January 2026, the film was updated and re-released on YouTube in HD and 4K for its 10th anniversary.

== Reception ==

=== Bang Tango ===
Members of Bang Tango past and present generally praised the film for being a straightforward, unbiased, and untampered telling of the band's story without making it a fluff piece similar to many other "rock docs" of recent times.

Bang Tango frontman Joe Lesté publicly stated his dislike for the film, feeling that he and his band were misrepresented especially during the ending. Lesté had also mentioned that, allowing Fortier to do this film was one of his biggest regrets from when he was a drinker. Despite his feelings on the film, Lesté mentioned he and Fortier are friends and is happy to have him as a member of Bang Tango as a guitarist.

Fortier made a public response to Lesté's feelings on the film's ending in that the frontman had genuinely enjoyed and appreciated the film after viewing it at the screening but feels that the now sober Lesté may be a bit taken aback by where he was in his life during the filming and conclusion of the film's events.

=== Reviews ===
Reviews of the film were positive. Although the film has not been released officially, it had still garnered reviews amongst many music websites and publications. The general consensus being that despite its low budget, the film still manages to get its point across in an unbiased, artistic, and engaging manner while being able to appeal to not only fans of the band or genre, but to anyone not familiar with Bang Tango. The general storytelling and editing were met with praise along with the chronological telling of the band's history. The ending of the film polarized reviewers by either having them side with the band's frontman, Joe Lesté, for keeping Bang Tango alive to this day; or he is seen as someone who should have put the band to rest a long time ago and is only hurting the brand by keeping it active.

The Rock Pit wrote, "Introduced by Twisted Sister's Dee Snider, it's a ride that you can't take your eyes off of as it charts the history of the band to date taking in all the twists, turns and bumps along the way."

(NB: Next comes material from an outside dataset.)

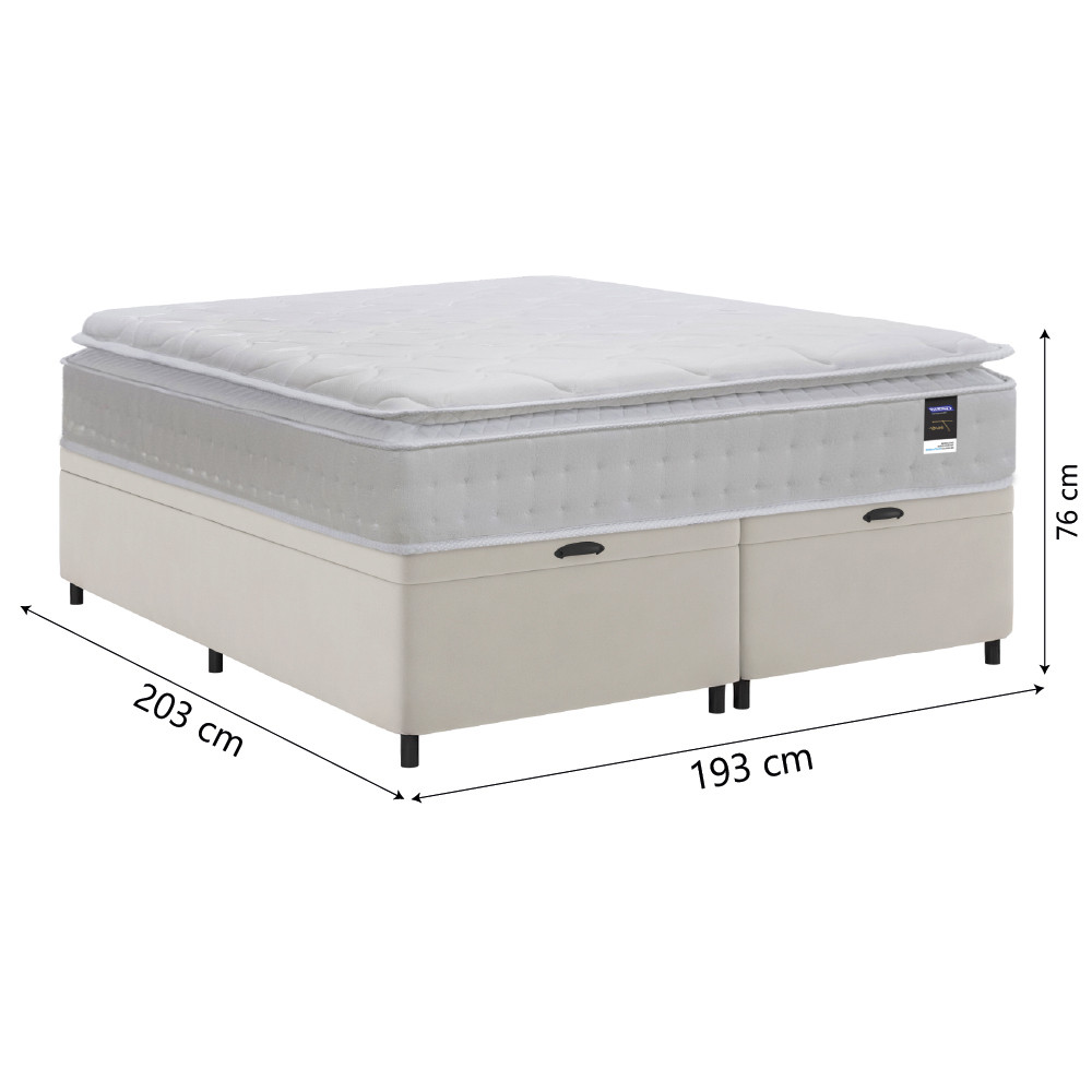 Cama Box Baú Casal King Colchão Gazin Com Molas Ensacadas Tower New 193x203x76cm Branco
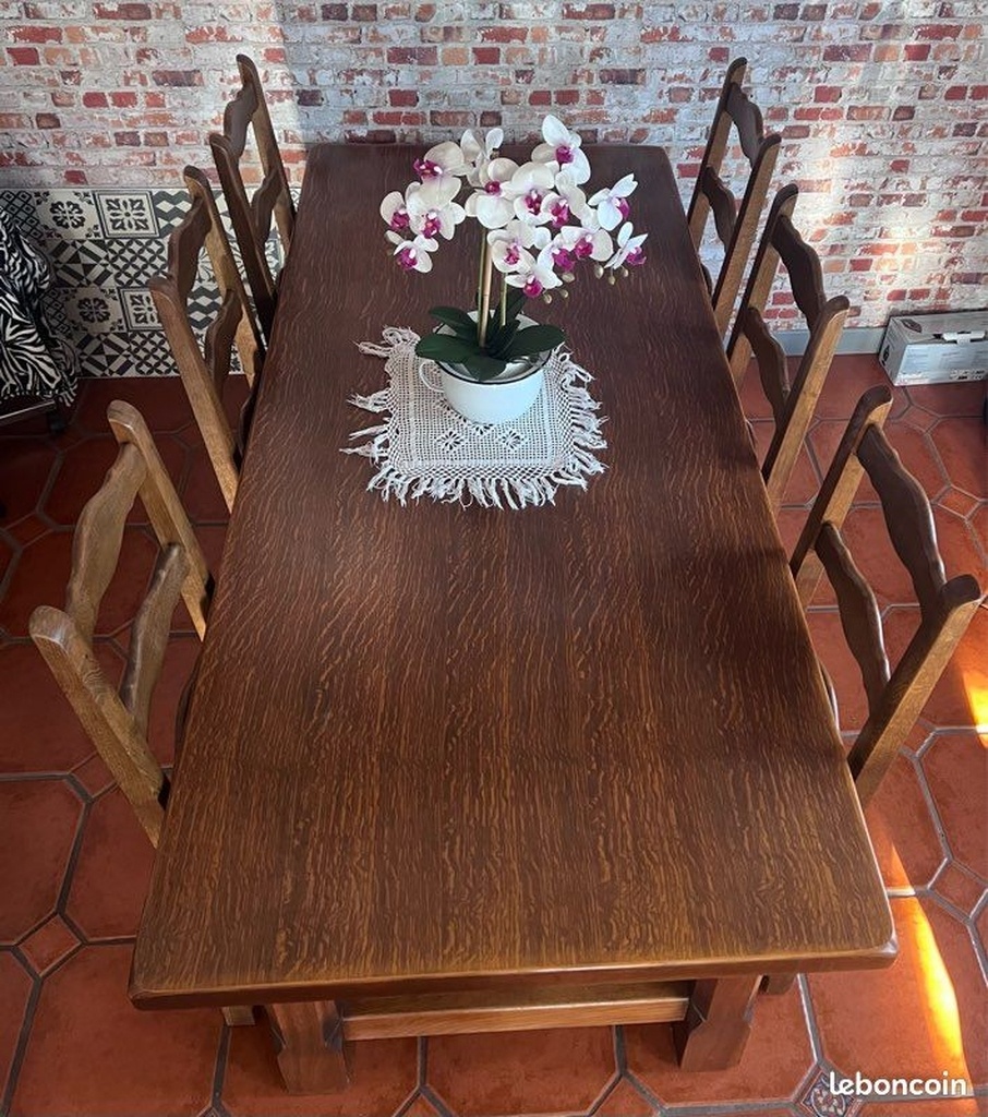 Le plateau est en chêne teinté, on reconnait bien là maille caractéristique du chêne. Parcontre vu la répétition du motif et le fait qu'il y ai des emboîtures en périphérie avec le sens du fil contraire je penche plutôt pour du placage avec emboîtures.

Legendary Rock Interviews wrote, "If you are looking for a slickly produced, homogenized and "shot in hi-def" documentary about a rock n' roll band, I suggest you watch something else. If you want to watch a "warts and all" documentary containing fantastic interviews, career-spanning live footage presented in chronological fashion where you get a true sense of the subject matter then Attack of Life: The Bang Tango Movie is the film for you."

Heavy Metal ICU wrote, "The film is gritty, dirty, and fun, just like Bang Tango. This doc doesn't smell of band desperation ala Anvil! The Story of Anvil. It's not the "I'm doing the best I can" tribute film as the Quiet Riot documentary from recent years either. This is a movie not only about a band that only niche fan base will be familiar with, but about all the bands just like Bang Tango back in the day."

Film Threat wrote, "What I like most about this “behind the music” style doc is the willingness to allow dissenting voices to make the final cut of the film. Rather than editing in a fashion to make the band look like gods, they allow all opinions from all sides. It’s a refreshingly honest story from an industry that would usually forbid such madness."

In May 2018, the film was the primary focus of an episode of Rock out with your Doc Out, hosted by Kay Hanley of Letters to Cleo and comedian Greg Behrendt. The duo praised the film for its brutally honest storytelling as well as its accurate depiction of the shift in popular music in the early 90s from hair metal party rock to grunge and alternative music; citing the film's subject, Bang Tango, as being caught between both genres.